Quando escuto as tradicionais acusações dos direitistas e liberais aos “ditadores” comunistas (ou não) e suas listas de mortes – cujos números são sempre criados em “freestyle” ou usando dados do instituto TireyDoku – eu exijo que qualquer avaliação da história destes personagens não ceda às pressões do anacronismo e avaliem o contexto em que estas revoluções foram estabelecidas.

Olhem, como exemplo claro, a história da China e o “século de humilhações” pelo qual passou. Anos de exploração estrangeira, repletos de abusos e o confisco de suas riquezas. Pensem nas derrotas humilhantes nas Guerras do Ópio, a pobreza do seu povo, a espoliação produzida pelos colonizadores ingleses e ficará mais fácil compreender a necessária reação para a liberdade do povo chinês. Sem entender a realidade das múltiplas invasões estrangeiras e as lutas internas fica mais complicado colocar em contexto a libertação da China em 1949 através da guerra civil e a “grande marcha” de Mao Zedong. Entretanto, a ninguém seria lícito imaginar que a entrega da China aos chineses seria feita sem os tradicionais massacres que as nações imperialistas impõem como punição aos povos dominados. É necessário também lembrar o que era a China em meados do século XX e o quanto sofreu durante a invasão japonesa, a perda da Manchúria na segunda guerra mundial e os 14 milhões de mortos que sucumbiram nessa guerra brutal contra o domínio nipônico.

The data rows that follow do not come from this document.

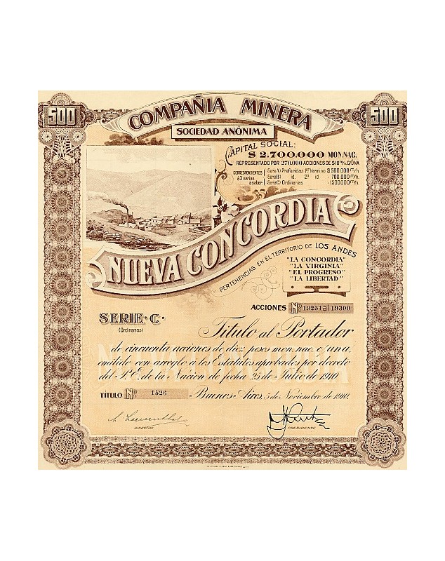 50 shares of 10 Pesos ea. - Buenos Aires 1910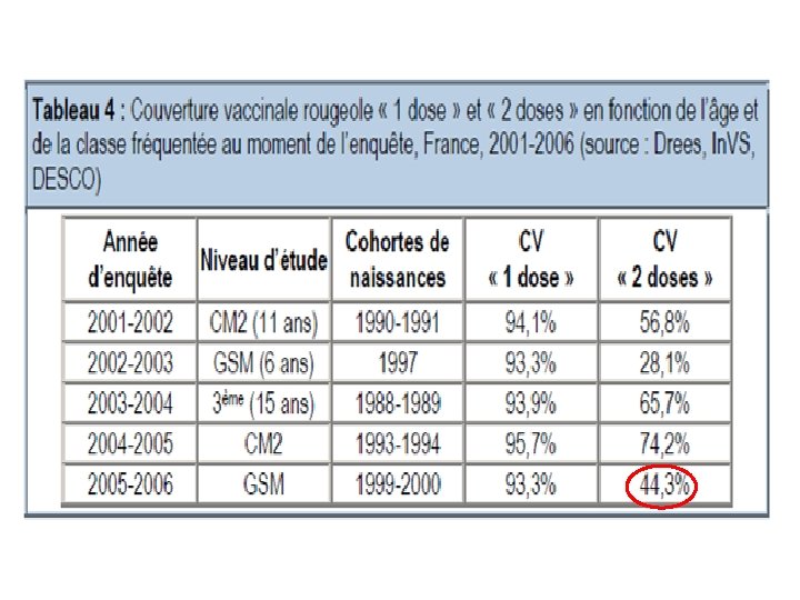 Incidence de la rougeole selon l’âge en 2008 -2010 Depuis 2008 o Augmentation des cas chez l’enfant < 1 an ( x 3) , incidence : 50/100. 000 o Et chez le jeune adulte ( x 5), incidence : 15/100. 000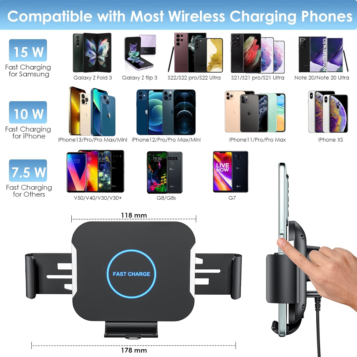 Smart Auto Clamping – Press the release button of the wireless handset holder and it will open automatically clamp your phone and start charging. This Qi wireless phone charger with built-in intelligent chip can protect your phone from overcharge, over current, short circuit, over high temperature, etc.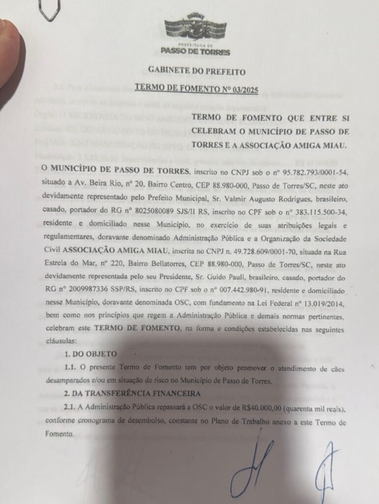 Além deste, nenhum outro recurso público, de qualquer origem, foi destinado a nossa Associação.Lembramos ainda que além distribuição de ração aos tutores, na média de aproximadamente 150 Kg por mês, atendimentos de emergências decorrentes de animais atropelados, feridos e doentes, cesarianas, eutanásias, medicamentos etc. com recursos oriundos de mensalidades de sócios, brechós e outras campanhas de arrecadação de fundos ainda foi realizado um considerável número de castrações de caninos e felinos, machos e fêmeas, com recursos próprios e provenientes do Termo de Fomento 03/2025, supra mencionadosDevemos registrar ainda que a Associação Amiga MiAu não possui local para recolhimento e abrigo de animais abandonados.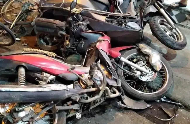 Vụ tai nạn khiến nhiều xe máy bị hư hỏng nặng.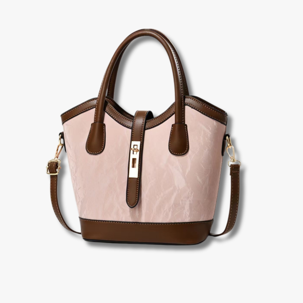 Elevate your everyday style with this chic and versatile bucket tote. This bag stands out with its unique two-tone design, combining a textured, crinkle-effect body with smooth, contrasting trim and handles. The stylish, structured shape and elegant metal hardware make it a sophisticated accessory for any outfit.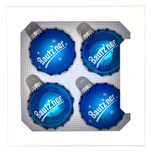 Bautz'ner Weihnachtskugel Set bestehend aus vier blauen Kugeln, zwei Kugeln sind matt und zwei glänzend. Die Kugeln haben einen Durchmesser von 7 cm. Sie sind alle auf einer Seite mit und auf einer Seite ohne Schneeflocken bedruckt.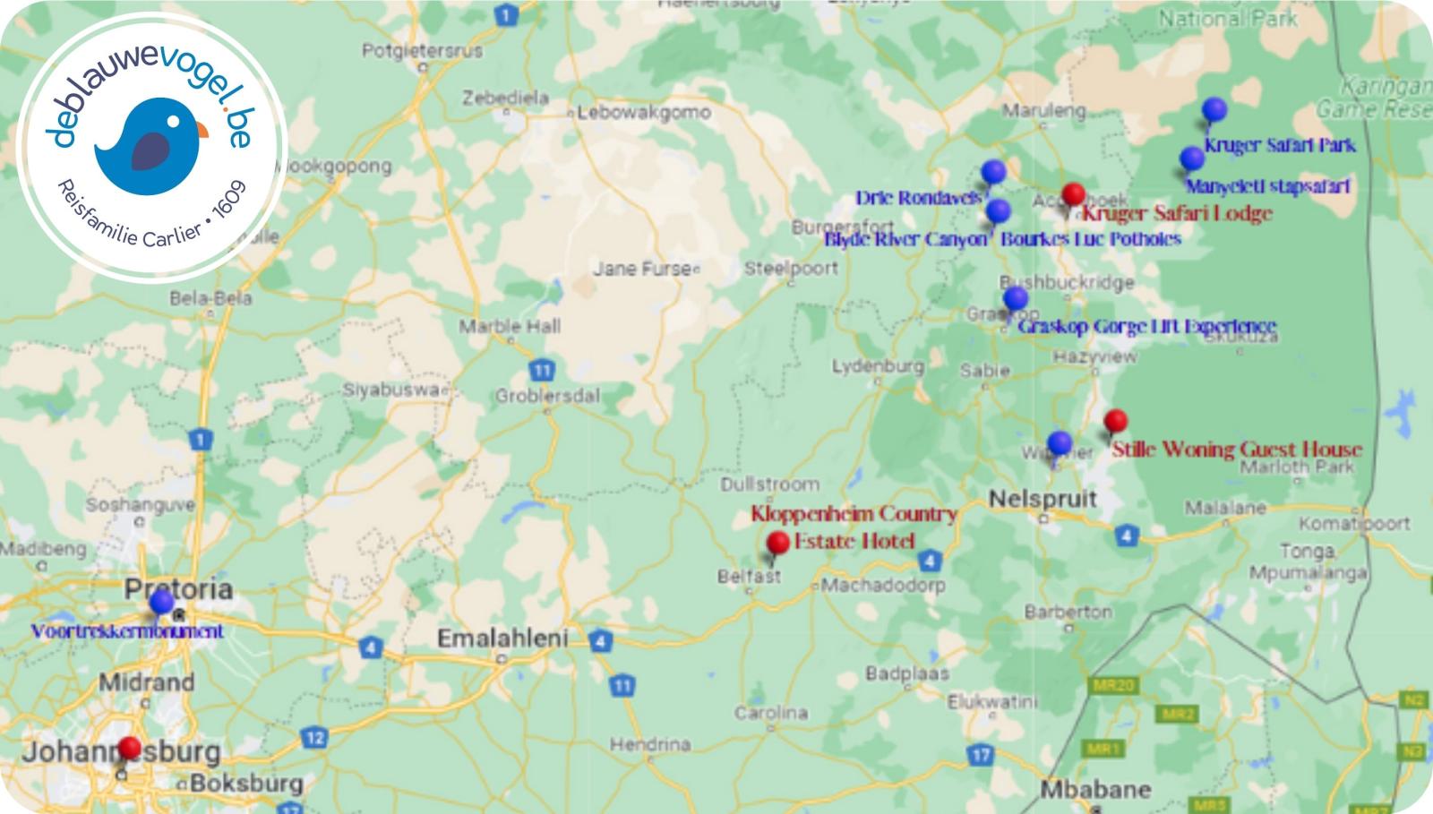 * Vluchten Heen/Terug vanuit Brussel-Zaventem * Nachtvluchten zonder jetlag ! * Zeer gezellig hotel / guesthouse & lodge * Halfpension in Kruger Safari Lodge * Logies & ontbijt in Gooderson Kloppenheim Country Estate Hotel en in Stille Woning Guest House * Excursies en inkomgelden * Alle hoogtepunten * Vlaamse / Afrikaanstalige gids

Como não lembrar a história da Coreia, a ocupação japonesa, a tentativa de extermínio de sua língua, de sua história e até dos seus patronímicos? A invasão americana na “Guerra da Coreia” (ou Guerra da Libertação, como é referida na Coreia Popular) exterminou 1/3 da população civil, mandando o país para a idade da pedra com a destruição de todas a sua infraestrutura (a exemplo do que se faz hoje em Gaza) e só quando estudamos a crueldade assassina das forças imperialistas é possível entender a história de Kim Jong-Un, seu pai, seu avô, sua gente e a luta por liberdade e autonomia do povo coreano. Não é justo esquecer o que a França fez com o Haiti e com a Argélia, uma história de dominação repleta de atos da mais absoluta selvageria e covardia. Como apagar a história brutal do Congo, e os 10 milhões de mortos sob o domínio da Bélgica do Rei Leopoldo. Portanto, seria de esperar que a resistência pela liberdade em resposta à esta brutalidade só poderia ser igualmente feroz.

É preciso ter em mente que 14 nações invadiram a União Soviética durante a “guerra civil” (na verdade, guerra de independência) e isso facilita para entender a necessidade que havia de lutar de todas as formas possíveis, pois isso representava a única possibilidade de manter a unidade nacional. Que dizer dos 20 milhões de mortos da União Soviética na luta vitoriosa contra o nazismo de Adolf Hitler e o preço pago pelos soviéticos para que o mundo se livrasse do fascismo da Alemanha? Em Cuba a revolução se estabeleceu na luta contra um governo corrupto e burguês, que mantinha a ilha como um bordel americano e uma gigantesca fazenda de cana de açúcar, mantendo a população miserável, oprimida e subjugada pelos latifundiários e seu sistema semi-escravista. Por acaso estes poderosos, apoiados pelo governo americano, entregariam a soberania de Cuba para os cubanos sem luta e sem violência? Seria condenável a reação violenta de um povo que por séculos sofreu de forma desumana?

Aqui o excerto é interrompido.